Conversamos o nos afanamos en algo remotamente similar. Alguien se adelanta al resto diciendo que está feliz porque la lluvia le está lavando el coche, no es original pero de momento a todos nos sirve. Lo malo es que a partir de ahí la amiga gorda adquiere confianza y comienza a pormenorizar una por una las vueltas que tuvo que dar para aparcar. Una vez relatada la séptima ya son demasiadas vueltas pero por suerte la del cumpleaños interrumpe para preguntarle a Lola (Lola es la supuestamente interesante) cómo le fue en Agosto por Milán.
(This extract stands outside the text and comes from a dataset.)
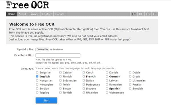 Si está buscando una herramienta gratuita para extraer textos de imágenes, Free OCR es la indicada para usted. Admite conversión de varios idiomas. El límite de tamaño máximo es 7 MB, lo cual es suficiente porque solo convierte la primera página, lo cual es un inconveniente de esta herramienta. Aún así, vale la pena usarlo porque no necesita ningún registro para convertir su archivo. Con su simplicidad, le encantará utilizar esta herramienta.

A falta de cosas mejores Lola tenía en la boca uno de los hielos del Bacardí, se hace la elegante y disimula sin lograr evitar ponerse violeta y que su cara se congestione como la de la niña del Exorcista, por fin consigue tragar el cubito y empieza a decir desganadamente cosas inconexas de Milán, es evidente que todos le caemos mal. Rebeca, que tampoco se entera, gesticula con la cabeza y de vez en cuando, aprovechando las pausas, dice “ahá”.
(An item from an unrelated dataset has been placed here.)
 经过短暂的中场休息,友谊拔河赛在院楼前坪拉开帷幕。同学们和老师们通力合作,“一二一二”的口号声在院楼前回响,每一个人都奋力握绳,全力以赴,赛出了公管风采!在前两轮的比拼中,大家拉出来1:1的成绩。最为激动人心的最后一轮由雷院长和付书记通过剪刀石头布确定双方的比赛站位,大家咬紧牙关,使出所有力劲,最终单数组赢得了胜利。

Es cuando el ex compañero de facultad me pregunta si yo alguna vez he estado, me pilla mirándole los vaqueros ajustados a la camarera rubia por lo que le respondo que “si he estado dónde”. Que si has estado en Milán, me dice, y yo le contesto que no. Después le pregunto si es que él sí, pero resulta que tampoco, y dado que la conversación rula por una vía rematadamente muerta los dos nos volvemos apurados hacia la amiga flaquita, que también estaba distraía, en su caso leyendo las etiquetas de las marcas de cerveza, y le preguntamos lo mismo. Nos sonríe cortésmente, se le nota un huevo que no estaba atenta cuando fuimos presentados y que no tiene ni remota idea de quienes somos. Y en lo que se refiere a Milán no, jamás ha estado, aparte de eso está jodida de frío porque eligió para esta noche un vestido excesivamente ligero y cortito que el único deseo que provoca es el de invitarla a un chocolate con churros.